Finally, we can use some core functionality of R to save the TCGA_data as a .RDS file. This is faster than repeating the previous operations and useful if you need to work in your data for several days.

# Save the data as a file, if you need it later, you can just load this file
# instead of having to run the whole pipeline again
saveRDS(object = tcga_data,
        file = "tcga_data.RDS",
        compress = FALSE)

The data can be loaded with the following command

tcga_data = readRDS(file = "tcga_data.RDS")

3 RNASeq Normalization

3.1 Defining a pipeline

A typical task on RNA-Seq data is differential expression (DE) analysis, based on some clinical phenotypes. This, in turn, requires normalization of the data, as in its raw format it may have batch effects and other artifacts.

A common approach to such complex tasks is to define a computational pipeline, performing several steps in sequence, allowing the user to select different parameters.

We will now define and run one such pipeline, through the use of an R function.

The function is called limma_pipeline(tcga_data, condition_variable, reference_group), where tcga_data is the data object we have gotten from TCGA and condition_variable is the interesting variable/condition by which you want to group your patient samples. You can also decide which one of the values of your conditional variable is going to be the reference group, with the reference_group parameter.

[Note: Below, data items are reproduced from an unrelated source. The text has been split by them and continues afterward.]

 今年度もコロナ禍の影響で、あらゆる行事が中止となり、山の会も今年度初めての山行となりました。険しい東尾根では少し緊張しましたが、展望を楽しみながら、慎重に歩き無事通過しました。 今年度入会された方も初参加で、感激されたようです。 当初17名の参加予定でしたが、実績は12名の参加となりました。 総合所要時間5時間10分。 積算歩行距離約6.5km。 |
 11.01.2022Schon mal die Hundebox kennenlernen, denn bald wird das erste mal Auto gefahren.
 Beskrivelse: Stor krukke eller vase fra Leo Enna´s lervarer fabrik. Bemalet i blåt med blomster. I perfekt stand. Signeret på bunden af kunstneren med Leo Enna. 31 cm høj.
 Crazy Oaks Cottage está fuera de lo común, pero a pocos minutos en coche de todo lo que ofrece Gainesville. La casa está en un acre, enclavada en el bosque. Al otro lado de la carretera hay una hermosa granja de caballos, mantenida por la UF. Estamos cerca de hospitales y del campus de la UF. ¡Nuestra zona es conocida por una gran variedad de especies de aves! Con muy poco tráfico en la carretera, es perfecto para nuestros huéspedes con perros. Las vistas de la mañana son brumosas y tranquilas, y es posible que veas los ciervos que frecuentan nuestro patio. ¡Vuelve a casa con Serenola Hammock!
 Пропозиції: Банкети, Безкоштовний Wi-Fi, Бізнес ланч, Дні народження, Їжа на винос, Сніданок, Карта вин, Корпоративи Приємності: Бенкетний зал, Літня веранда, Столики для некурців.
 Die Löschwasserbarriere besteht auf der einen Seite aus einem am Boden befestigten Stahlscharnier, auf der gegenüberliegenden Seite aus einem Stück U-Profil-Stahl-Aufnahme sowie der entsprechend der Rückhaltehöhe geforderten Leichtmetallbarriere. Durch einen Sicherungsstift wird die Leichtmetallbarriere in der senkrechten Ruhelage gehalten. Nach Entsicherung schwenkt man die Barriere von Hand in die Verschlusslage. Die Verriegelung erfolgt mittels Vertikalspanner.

This function returns a list with three different objects:

  • A complex object, resulting from running voom, this contains the TMM+voom normalized data;
  • A complex object, resulting from running eBayes, this contains the the fitted model plus a number of statistics related to each of the probes;
  • A simple table, resulting from running topTable, which contains the top 100 differentially expressed genes sorted by p-value. This is how the code of this function:
limma_pipeline = function(
  tcga_data,
  condition_variable,
  reference_group=NULL){

  design_factor = colData(tcga_data)[, condition_variable, drop=T]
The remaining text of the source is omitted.